• Records for processing:
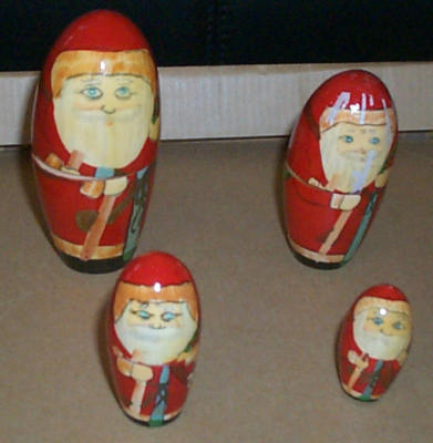 Title (ebay affiliate link): Antique Vintage Russian 4 Santa Claus Matryoshka Dolls!
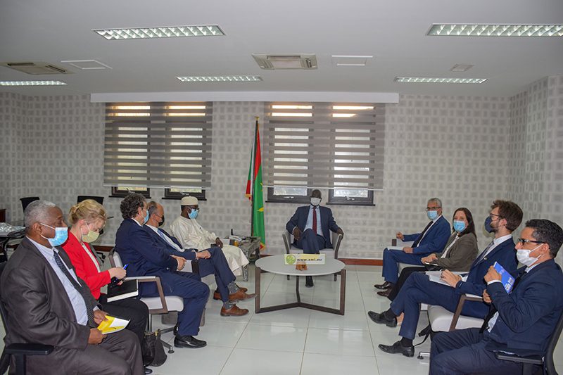 جرى اللقاء بحضور المستشار القانوني بالوزارة الأمين العام وكالة السيد محمد سالم ولد اسويلم ، والمدير العام المساعد لإدارة التمويلات والتعاون الاقتصادي السيد محفوظ ولد أحمدو.
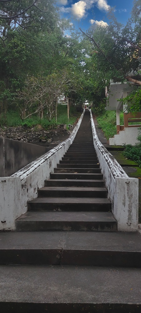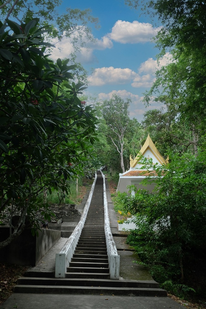 บันไดแก้ว เป็นโบราณสถานที่มีการสร้างเป็นระยะ ๆ ระยะที่หนึ่งจากเชิงเขาขึ้นไปถึงพระวิหารล่าง ระยะที่สองแบ่งเป็นช่วง ๆ จากสำนักชีถึงศาลาราย
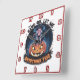 Reloj Cuadrado Bruja encaramada en una calabaza en un cielo noctu
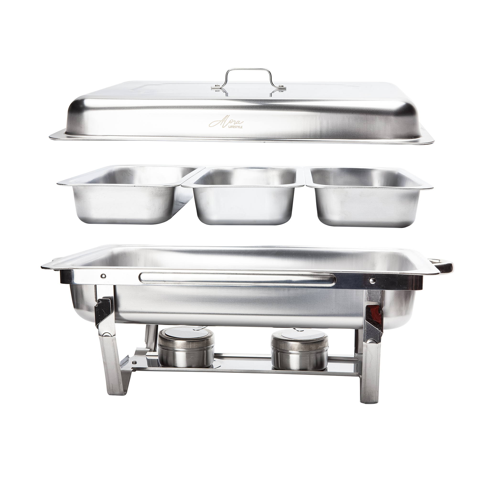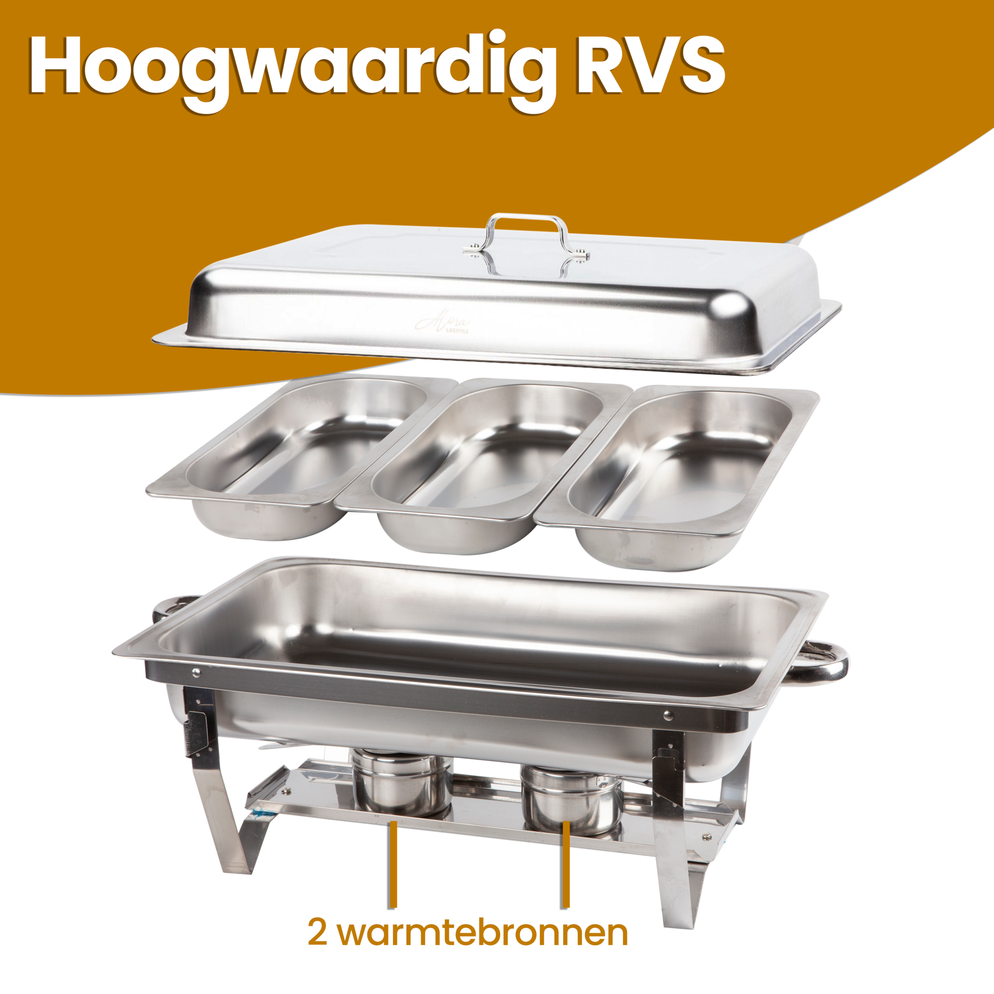 Op zoek naar een mooie chafing dish voor je buffet? De Alora Chafing Dish Chrome met drie bakken is de ideale keuze!

• What is needed:
Return the lines above from the one with "جرى اللقاء بحضور" through the one with "Reloj Cuadrado Bruja", verbatim and nothing else. Omit every picture.

• Result:
 جرى اللقاء بحضور المستشار القانوني بالوزارة الأمين العام وكالة السيد محمد سالم ولد اسويلم ، والمدير العام المساعد لإدارة التمويلات والتعاون الاقتصادي السيد محفوظ ولد أحمدو.
 บันไดแก้ว เป็นโบราณสถานที่มีการสร้างเป็นระยะ ๆ ระยะที่หนึ่งจากเชิงเขาขึ้นไปถึงพระวิหารล่าง ระยะที่สองแบ่งเป็นช่วง ๆ จากสำนักชีถึงศาลาราย
 Reloj Cuadrado Bruja encaramada en una calabaza en un cielo noctu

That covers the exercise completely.